TRANSFIGURACIÓN DE JESÚS



¡Maestro, qué bien estamos aquí!

2º Domingo de Cuaresma - C-21 febrero 2016

Jesús se llevó a Pedro, a Santiago y a Juan, subió con ellos solos a un monte alto. A la vista de ellos su aspecto cambió completamente. Incluso sus ropas se volvieron resplandecientes, tan blancas como nadie en el mundo podría blanquearlas. Y se les aparecieron Elías y Moisés, que conversaban con Jesús. Pedro tomó la palabra y dijo a Jesús: - Maestro, ¡qué bien estamos aquí! Levantemos tres chozas: una para ti, otra para Moisés y otra para Elías. No sabía lo que decía, porque estaban desconcertados. En esto se formó una nube que los cubrió con su sombra, y desde la nube se oyeron estas palabras: - Este es mi Hijo, el amado. ¡Escúchenlo! Y de pronto, mirando a su alrededor, no vieron ya a nadie; sólo Jesús estaba con ellos. Lc 9, 28-36
        
Jesús anuncia a sus discípulos que su muerte está ya próxima, pero también su resurrección para la Gloria eterna.  Mas ellos no comprenden ni creen ni les interesa eso de la resurrección, cegados como están por la ambición del reino terrenal de Cristo. Sea como sea, ellos y Jesús, se sienten afligidos por ese inminente desenlace trágico.
Mas el Padre, con la transfiguración, les muestra a los discípulos un anticipo de la resurrección. Y el Maestro ha querido que esos discípulos predilectos estén presentes, para que se animen viendo cuál es el sentido real de su muerte en la cruz, como él les había anunciado: “Y al tercer día resucitaré”.
Los discípulos dudan de si Jesús no estará equivocado; pero ven que va hacia el fracaso total. Por eso el Padre, en la Transfiguración, quiere dar les una prueba más, hablándoles desde la nube: Este es mi Hijo predilecto: escúchenlo. Quiere decir: “Créanle. Es cierto lo que dice: que al tercer día resucitará, porque es mi verdadero Hijo inmortal, vencedor de la muerte”.
El sufrimiento y la perspectiva de la muerte, también a nosotros nos causan tristeza y desesperanza, si no miramos más allá y más alto: la resurrección, que Jesús nos ha ganado. La tristeza sin la luz de la esperanza, no es cristiana: es contraria a la fe en la resurrección, la verdad fundamental de nuestra fe.
Desde que Jesús sufrió, murió y resucitó, todo sufrimiento, y la muerte misma, tienen destino de resurrección y de vida, de felicidad y gloria sin fin. Nos lo asegura san Pablo: Si sufrimos con Cristo, reinaremos con él; si morimos con él, viviremos con él.
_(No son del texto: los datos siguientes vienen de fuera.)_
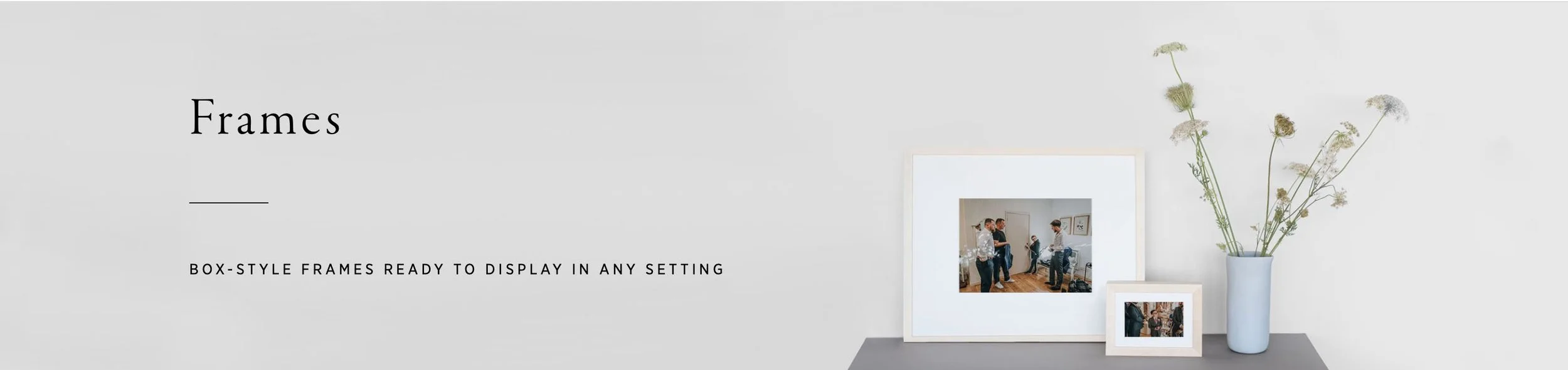 Printed on lustre photo paper, framed in a pre-assembled wooden box-style frame with a permanent tan paper backing and hanging hardware.

Cada sufrimiento se nos compensará con un enorme peso de de gloria, si lo asociamos con fe y esperanza a los sufrimientos de Jesús. Los sufrimientos de esta vida no tienen comparación alguna con el peso de gloria que se nos ha de manifestar, declara el mismo Apóstol.
En Cristo se verifican diversas transfiguraciones. La primera fue la gran transfiguración de la encarnación: el Hijo de Dios se hace a la vez hijo de María. La otra gran transfiguración se verifica en la Eucaristía: el paso del Dios-hombre a pan y vino, para pasar a los hombres su vida divina: Quien come mi carne y bebe mi sangre, vive en mí y yo en Él. Y la última gran transfiguración de Jesús es la resurrección: el paso del Cristo muerto al Cristo resucitado y glorioso. Transfiguración que él nos ha ganado también para nosotros.
En la Eucaristía se verifica otra doble transfiguración: el hombre se transfigura en Cristo, y Cristo se transfigura en hombre y mujer, pobre y rico, anciano, joven y niño..., como anota san Pablo: Hasta que se forme Cristo en ustedes.
Si creemos en la presencia transfigurada de Jesús bajo las especies eucarísticas, debemos creer también en su presencia transfigurada bajo las especies humanas de los hombres, hermanos suyos y nuestros, con quienes él se identifica: Todo lo que hagan a uno de estos mis pequeños hermanos, a mí me lo hacen. E igualmente es objeto nuestra fe, creer en su presencia transfigurante en nosotros mismos.

Convertirse es transfigurarse en Cristo por el amor, la fe viva y la unión real con Él.  Y es amar al prójimo, no sólo como a nosotros mismos, sino como Él lo ama: hasta dar la vida por quienes amamos. Es vivir con la gozosa esperanza de la resurrección en medio de las vicisitudes gozosas y penosas de este mundo, que está en dolores de parto para engendrar un mundo nuevo, transfigurado, resucitado.